──────── Supplied information ────────

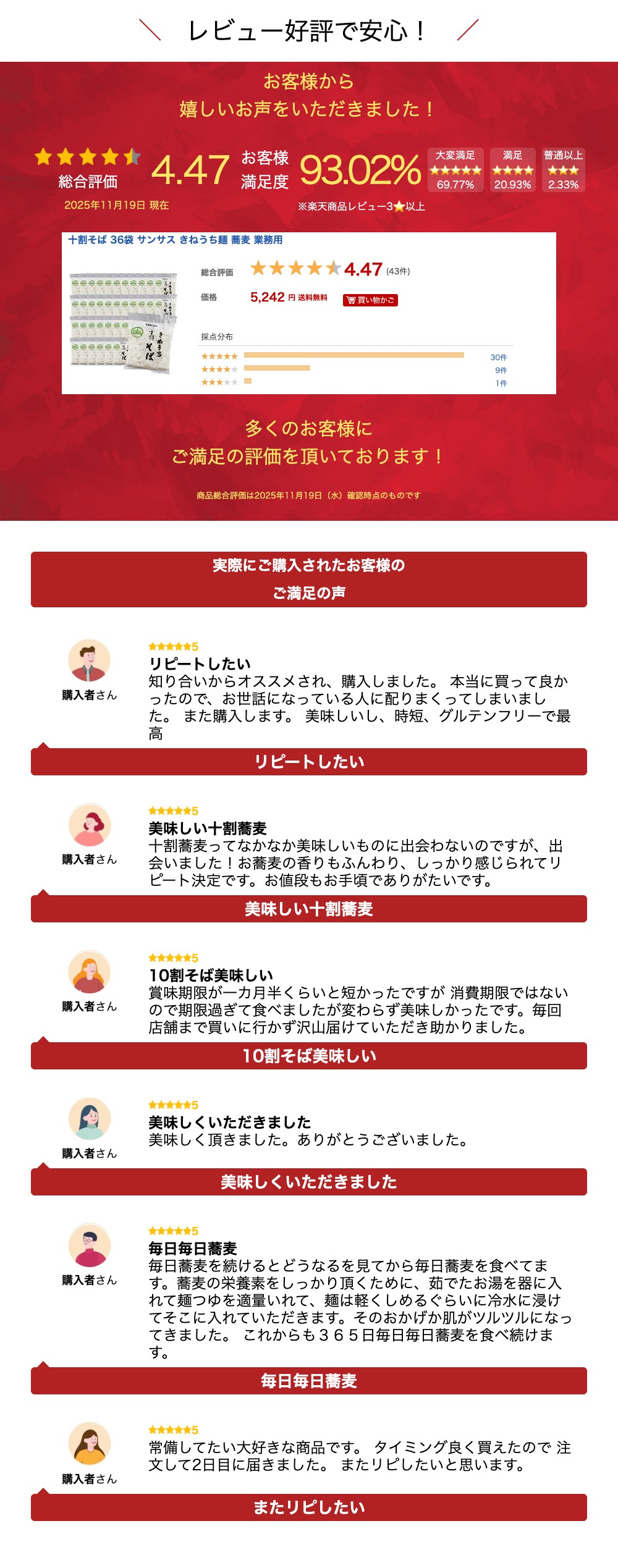 商品情報 商品の説明 きねうち麺のそばは、食塩不使用、厳選したそば粉100%で作った高級10割そば。つるっとしたのどごしと、麺ごしの強さが特徴です。伸びにくいのでアレンジレシピも豊富です。※予告なくパッケージデザイン、商品仕様が変更することがございます。 ■商品スペック:【パッケージ】段ボール箱 【温度帯】常温 【賞味期限】製造後、賞味期間:製造日より60日 【原産国】日本 ■商品内容:サンサス 十割そば 麺のみ×36 ... 主な仕様 商品スペック:【パッケージ】段ボール箱【温度帯】常温【賞味期限】製造後、賞味期間:製造日より60日【原産国】日本 商品内容:サンサス 十割そば 麺のみ×36パック ×1個/麺150g×1食入)×36パック[食品ブランド][サンサス無添加麺] 関連商品業務用 きねうち麺 十割そば 150g×20個...業務用 きねうち麺 十割そば 150g×15個...3,080円2,550円きねうち麺 十割そば 150g 12パック大東カカオ クイックメルト カカオマス 1kg 製菓用...2,031円5,250円カークランド 冷凍 ブルーベリー 2.27kg 冷凍食品...北海道 よつ葉 脱脂粉乳 スキムミルク 1kg×3袋...4,998円5,030円【KIRKLAND】カークランド 冷凍 ブルーベリー 2.27kg...QP キューピー 乾燥全卵 1kg NO1 製菓用 製菓 乾燥 卵 全...4,998円5,320円カルピスバター 有塩 450gx3個セット 業務用 バター...カークランド 冷凍 ブルーベリー 2.27kg...4,998円4,998円
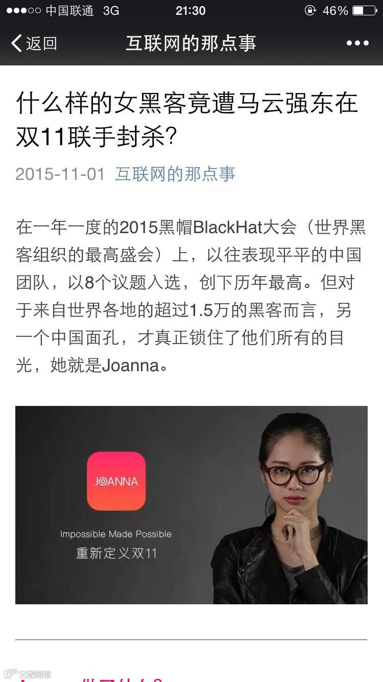 文中说她在2015黑帽BlackHat大会(世界黑客组织的最高盛会)上发表演讲...号称破解了阿里和京东的电商时间系统,开发了一款能比价能提前抢购双十一的APP,并被马云强东联手封杀。
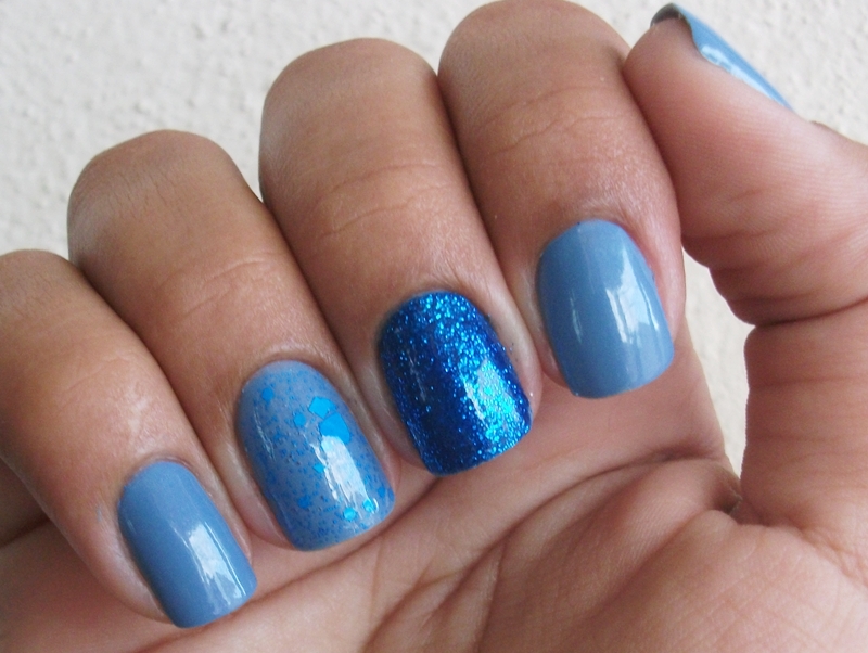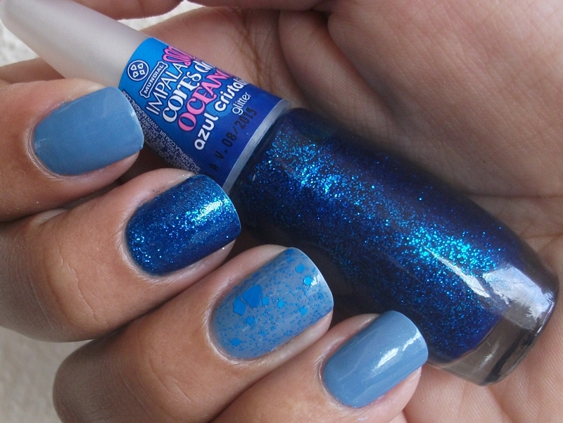 Depois de ficar um tempão indecisa, optei por uma combinação que me permitiu usar três tipos de tons e acabamentos. Os escolhidos foram o Doce Oceano da Impala, o Azul Cristalino também da Impala e o Your Song da BBF.
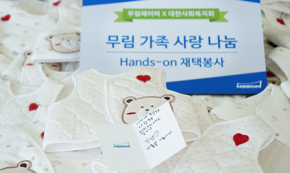 친환경 종이기업 무림페이퍼는 한부모가정 아동을 위한 봉사활동으로 직접 만든 아기 수면조끼를 대한사회복지회에..
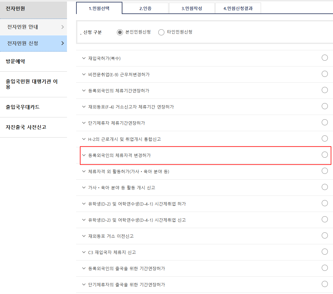 1. 변경허가 신청서(통합신청서-체류자격 변경허가 선택)
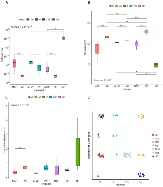 Figure 2A), yielding the time to 50% relaxation (s) and relative importance (%) of the contributing number of Maxwell elements. The relevance of the contribution was determined if the Maxwell element did not decrease the chi-square value by 3% compared to the previous element [
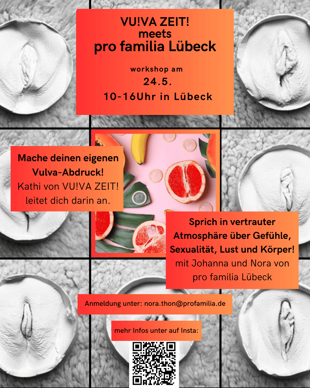 Pro Familia Lübeck und ich bieten am 24.05.25 den ersten gemeinsamen Workshop an. Wir sind sehr glücklich und aufgeredet diesen kreativen Raum zu schaffen indem auch über Körper, Sexualität und Selbstwahrnehmung gesprochen wird.
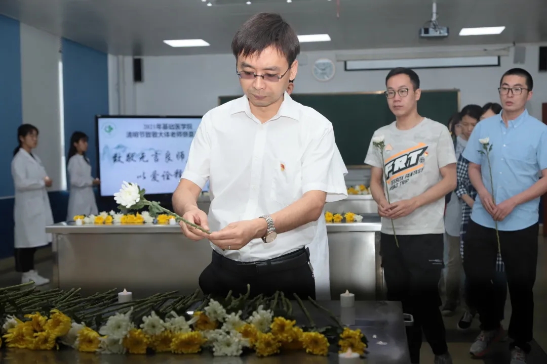 4月4日上午,我院在医学实验中心解剖楼举行“致敬无言良师 以爱诠释生命”清明祭奠活动。攀枝花市红十字会会长岑忠兰、我院党委书记李东及基础医学院师生代表200余人参与了本次活动。
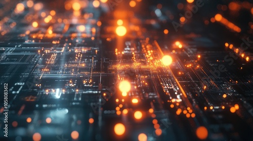 Futuristic digital tech background with glowing circuits and abstract shapes, symbolizing innovation and modernity
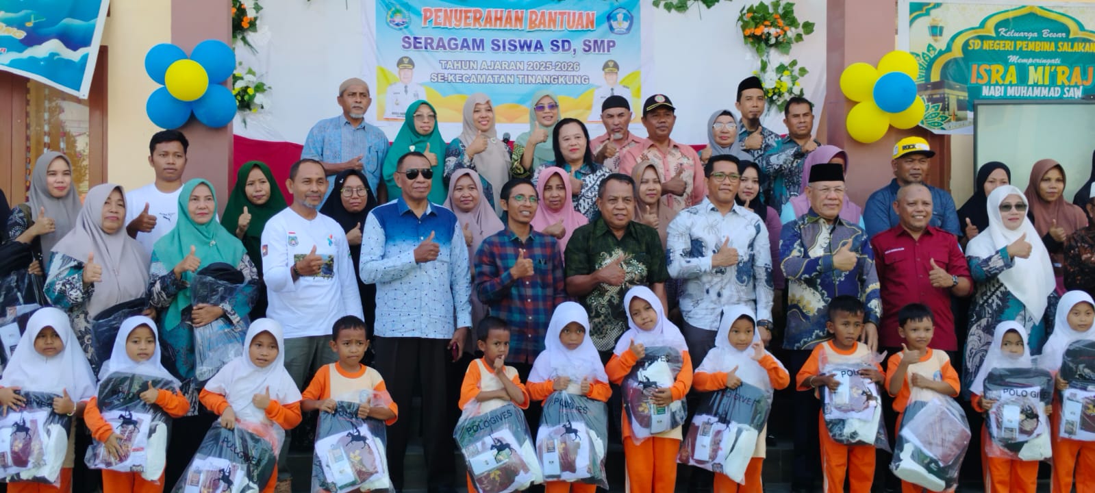mataSMScom. Bangkep. Pemerintah Kabupaten Banggai Kepulauan kembali menunjukkan komitmennya dalam mendukung peningkatan mutu pendidikan dengan menyerahkan bantuan seragam sekolah kepada siswa-siswi SDN Pembina Salakan, Jumat (23/1/2026).
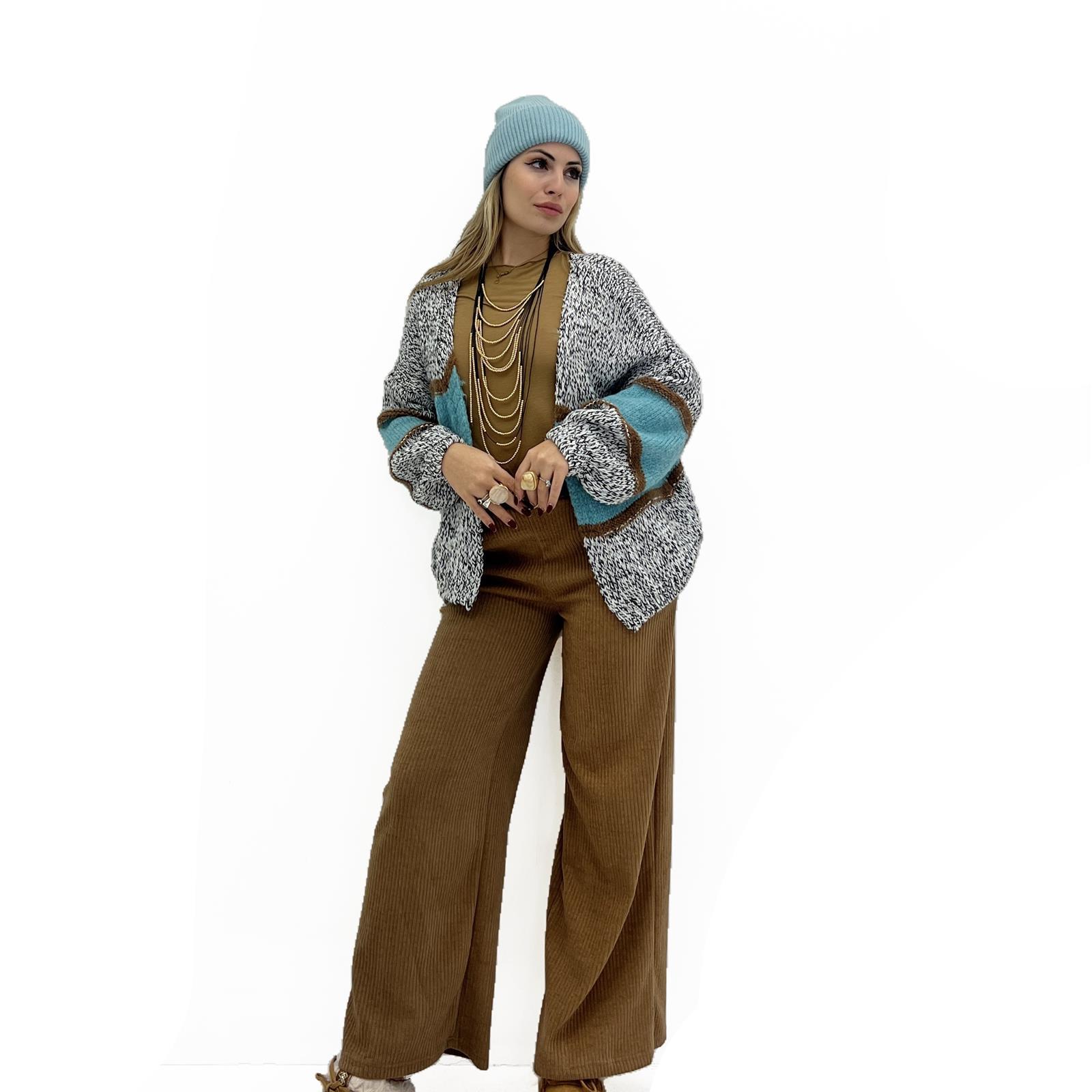 Cardigan senza bottone con alternanza di colore

────────

Your goal: Give the data above again in full and unchanged, skipping the pictures.

Expected answer:
 商品情報 商品の説明 きねうち麺のそばは、食塩不使用、厳選したそば粉100%で作った高級10割そば。つるっとしたのどごしと、麺ごしの強さが特徴です。伸びにくいのでアレンジレシピも豊富です。※予告なくパッケージデザイン、商品仕様が変更することがございます。 ■商品スペック:【パッケージ】段ボール箱 【温度帯】常温 【賞味期限】製造後、賞味期間:製造日より60日 【原産国】日本 ■商品内容:サンサス 十割そば 麺のみ×36 ... 主な仕様 商品スペック:【パッケージ】段ボール箱【温度帯】常温【賞味期限】製造後、賞味期間:製造日より60日【原産国】日本 商品内容:サンサス 十割そば 麺のみ×36パック ×1個/麺150g×1食入)×36パック[食品ブランド][サンサス無添加麺] 関連商品業務用 きねうち麺 十割そば 150g×20個...業務用 きねうち麺 十割そば 150g×15個...3,080円2,550円きねうち麺 十割そば 150g 12パック大東カカオ クイックメルト カカオマス 1kg 製菓用...2,031円5,250円カークランド 冷凍 ブルーベリー 2.27kg 冷凍食品...北海道 よつ葉 脱脂粉乳 スキムミルク 1kg×3袋...4,998円5,030円【KIRKLAND】カークランド 冷凍 ブルーベリー 2.27kg...QP キューピー 乾燥全卵 1kg NO1 製菓用 製菓 乾燥 卵 全...4,998円5,320円カルピスバター 有塩 450gx3個セット 業務用 バター...カークランド 冷凍 ブルーベリー 2.27kg...4,998円4,998円
 文中说她在2015黑帽BlackHat大会(世界黑客组织的最高盛会)上发表演讲...号称破解了阿里和京东的电商时间系统,开发了一款能比价能提前抢购双十一的APP,并被马云强东联手封杀。
 Depois de ficar um tempão indecisa, optei por uma combinação que me permitiu usar três tipos de tons e acabamentos. Os escolhidos foram o Doce Oceano da Impala, o Azul Cristalino também da Impala e o Your Song da BBF.
 친환경 종이기업 무림페이퍼는 한부모가정 아동을 위한 봉사활동으로 직접 만든 아기 수면조끼를 대한사회복지회에..
 1. 변경허가 신청서(통합신청서-체류자격 변경허가 선택)
 Figure 2A), yielding the time to 50% relaxation (s) and relative importance (%) of the contributing number of Maxwell elements. The relevance of the contribution was determined if the Maxwell element did not decrease the chi-square value by 3% compared to the previous element [
 Pro Familia Lübeck und ich bieten am 24.05.25 den ersten gemeinsamen Workshop an. Wir sind sehr glücklich und aufgeredet diesen kreativen Raum zu schaffen indem auch über Körper, Sexualität und Selbstwahrnehmung gesprochen wird.
 4月4日上午,我院在医学实验中心解剖楼举行“致敬无言良师 以爱诠释生命”清明祭奠活动。攀枝花市红十字会会长岑忠兰、我院党委书记李东及基础医学院师生代表200余人参与了本次活动。
 Futuristic digital tech background with glowing circuits and abstract shapes, symbolizing innovation and modernity
mataSMScom. Bangkep. Pemerintah Kabupaten Banggai Kepulauan kembali menunjukkan komitmennya dalam mendukung peningkatan mutu pendidikan dengan menyerahkan bantuan seragam sekolah kepada siswa-siswi SDN Pembina Salakan, Jumat (23/1/2026).
 Cardigan senza bottone con alternanza di colore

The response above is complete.